About

History

P3 art and environment began its history when urban and regional planner Takashi Serizawa was invited to participate in a project to build a new temple for Tochoji Zen temple in Yotsuya, Tokyo, commemorating its four hundred year anniversary. Serizawa designed an auditorium in the basement of the temple, and suggested a plan to explore cultural activities, mainly in the area of contemporary art. Responding to that suggestion, Tochoji established an institute, P3 Alternative Museum Tokyo, as a cultural part of the religious organization, to plan and execute exhibitions. We began to have exhibitions in P3, in the auditorium of Tochoji Temple, in April 1989.

In February 1991, after having several exhibitions, we had Cai Guo Quiang's Primeval Fireball: Project for Projects, and changed the name of our group from P3 Alternative Museum to P3 art and environment. "Alternative museum" did not really describe all of our activities, involving art, environment, and related issues. The conventional sense of "museum" did not correspond to our real activities.

Since then, P3 art and environment has conducted or hosted forty contemporary art exhibitions and seventy lectures and workshops. However, as our activities became more diversified, and the use of the auditorium became limited due to Tochoji Temple's expansion of their religious activities, we changed our organizational form. In December 1995, P3 art and environment became an independent entity from Tochoji Temple. As a part of P3 art and environment, we established P3 Management Ltd. and became a corporate body. Our last exhibition at Tochoji auditorium was Cine Nomad's Three Windows. From that exhibition to the present, we have been exploring various forms of projects in different sites.

Activity

The activity theme of P3 art and environment can be described in two words: "mind and landscape." This indicates a dynamic interactive formative process between people and the environment, as well as people and society. The spirit of time, renewed by continuous interaction between people and the surrounding environment, is revealed by excellent artists. P3 believes in the possibilities to be found in art and presents what is created through collaboration with artists.

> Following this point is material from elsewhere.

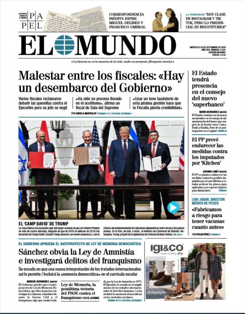 EL MUNDO: "Malestar entre los fiscales: "Hay un desembarco del Gobierno""; "El 'Camp David' de Trump. La Casa Blanca fue escenario ayer del mayor acuerdo de paz en Oriente Próximo en más de cuatro décadas, después de que en 1978 se sellaran en EEUU los Acuerdos de Camp David"; "Sánchez obvia la Ley de Amnistía e investigará delitos del franquismo. Ley de Memoria, la penúltima victoria del PSOE contra el franquismo"; "El Estado tendrá presencia en el consejo del nuevo 'superbanco'"; "El PP prevé endurecer las medidas contra los imputados por 'Kitchen'"; "Luis Jodar, director médico de Pfizer: "Fabricamos a riesgo para tener vacunas cuanto antes"".

Not limiting itself to related genres, P3 presents different works in various fields in different appropriate forms such as: exhibition, publication, digital contents, research and study, and regional planning.

Takashi Serizawa

Born 1951 in Tokyo. After graduating from the Mathematics Course at the Faculty of Science, Kobe University, and the Architecture and Building Science Course at the College of Engineering, Yokohama National University, he joined Regional Planning Team Assoc., Inc., where he was engaged in studies and projects related to ecological planning. His involvement in a project to build a new temple for the Tochoji zen temple in Yotsuya, Tokyo, inspired him to establish P3 Alternative Museum Tokyo (today “P3 art and environment”) in 1989. Initially based in a lecture hall in the basement of the Tochoji temple, since 1999 P3 has been involved with a variety of art and environment-related projects on an international scale, without having a fixed site itself. Serizawa served as general director for the Tokachi International Contemporary Art Exhibition “Demeter” (2002), secretary general for the Asahi Art Festival (2002-2016), curator for the Yokohama Triennale 2005, general director for the Beppu Contemporary Art Festival “Mixed Bathing World” (2009, 2012, 2015), director for the Saitama Triennale 2016, and supervisor for Saitama Triennale 2020. Between 2012 and 2021, he headed the Design and Creative Center Kobe (KIITO).

Publications include This Nomadic Planet (Iwanami Shoten), A View from the Moon (Mainichi Newspapers), Beppu (ABI+P3), and Spaceship of Words as Media (ABI+P3、co-authored with Chihiro Minato). Among others, Serizawa translated Buckminster Fuller’s Operating Manual for Spaceship Earth (Chikumashobo), Erich Jantsch’s The Self-Organizing Universe: Scientific and Human Implications of the Emerging Paradigm of Evolution (Kousakusha, co-translated with Mie Uchida), and Peter Matthiessen’s The Snow Leopard (Hayakawa Publishing) into Japanese.